Comment 1 Laurent Vivier 2023-01-02 15:19:40 UTC
(In reply to Yanghang Liu from comment #0)
...
> The qemu-kvm throws the following error:
> 2022-12-20T09:29:51.849295Z qemu-kvm: Received unexpected msg type. Expected
> 22 received 40

22 is VHOST_USER_IOTLB_MSG
40 is VHOST_USER_GET_STATUS

> 2022-12-20T09:29:51.849321Z qemu-kvm: Fail to update device iotlb
> 2022-12-20T09:29:51.849499Z qemu-kvm: Received unexpected msg type. Expected
> 40 received 22
> 2022-12-20T09:29:51.849598Z qemu-kvm: Received unexpected msg type. Expected
> 22 received 11

11 is VHOST_USER_GET_VRING_BASE

> 2022-12-20T09:29:51.849611Z qemu-kvm: Fail to update device iotlb
> 2022-12-20T09:29:51.849662Z qemu-kvm: Received unexpected msg type. Expected
> 11 received 22

VHOST_USER_GET_STATUS is added by:

923b8921d210 ("vhost-user: Support vhost_dev_start") in QEMU v7.2

but it should not be enabled if dpdk doesn't support VHOST_USER_PROTOCOL_F_STATUS feature.

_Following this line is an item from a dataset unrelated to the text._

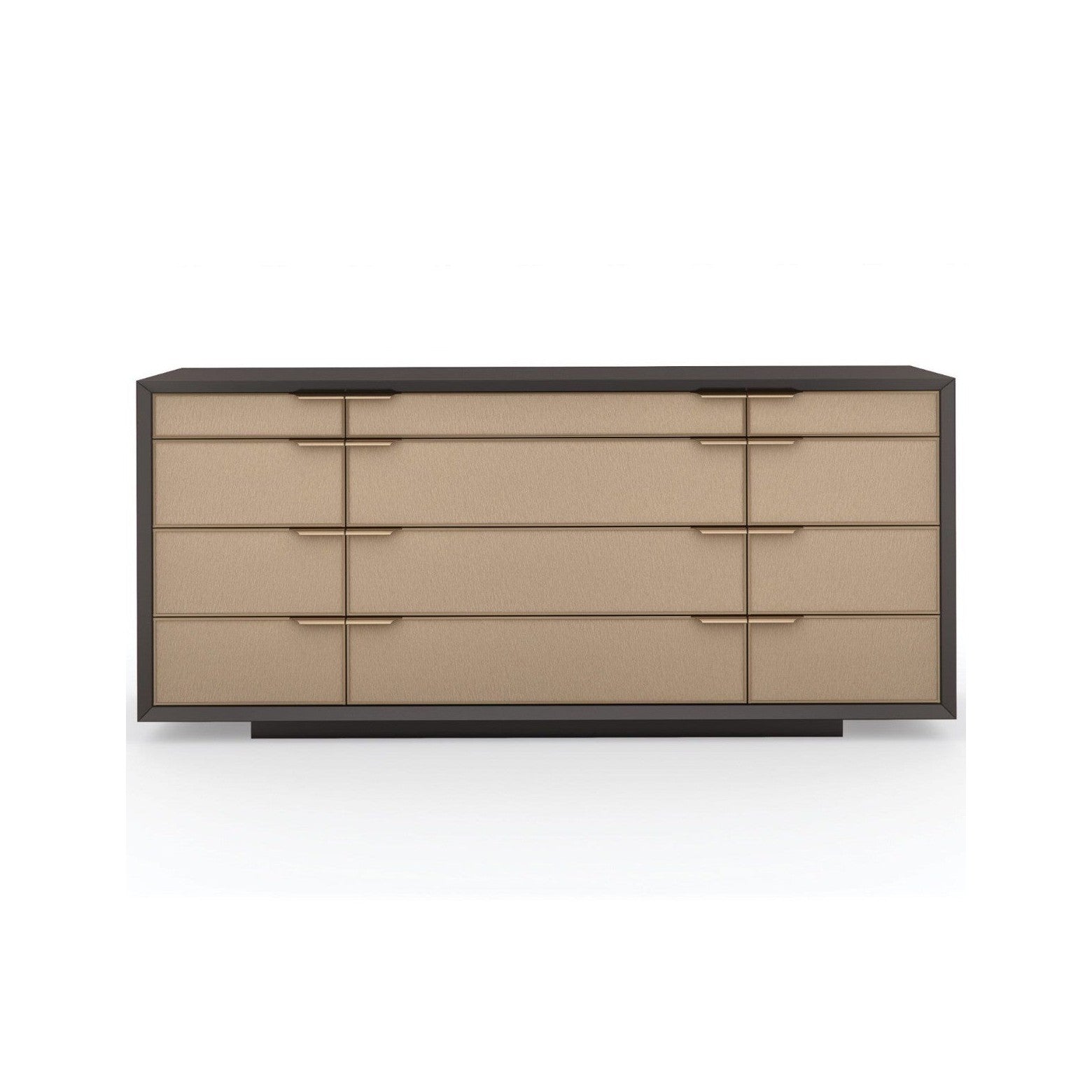 Merging minimalism with elements of mid-century modern, this streamlined dresser introduces a sophisticated style to bedroom interiors. Each drawer front is wrapped in a beautifully textured vinyl, embossed with a rivulet pattern like rain trickling down a windowpane. Casting a warm glow, metal trim in Champagne Gold artfully incorporates rounded pulls to seamlessly frame each drawer. Offers generous storage with soft-closing features and two felt-lined top drawers for an added note of luxury. Case in Dark Chocolate. Metal trim in Champagne Gold. Twelve drawers with vinyl fronts. Top outside drawers with felt lined bottoms. Tops drawers with side guides and rest of drawers with undermount soft close guides. Drawer interiors in Dark Chocolate. Plinth base in Dark Chocolate.

Maxime, do you have any idea why QEMU and DPDK disagree on the protocol sequence ?

Comment 2 Yanghang Liu 2023-01-04 05:42:47 UTC
QE's nfv auto tests is blocked by this bug currently.

Comment 9 Maxime Coquelin 2023-01-12 09:51:52 UTC
We only have a single thread on DPDK side to handle Vhost-user requests,
it will read a request, handle it and reply to it. Then it reads the
next one, etc... So I don't think it is possible to mix request replies
order on DPDK side.

Maybe there are two threads concurrently sending requests on QEMU side?

What could be done is placing a BP in QEMU when unexpected reply is detected.
When it breaks, dump the backtraces of the different threads to understand why multiple threads are sending requests.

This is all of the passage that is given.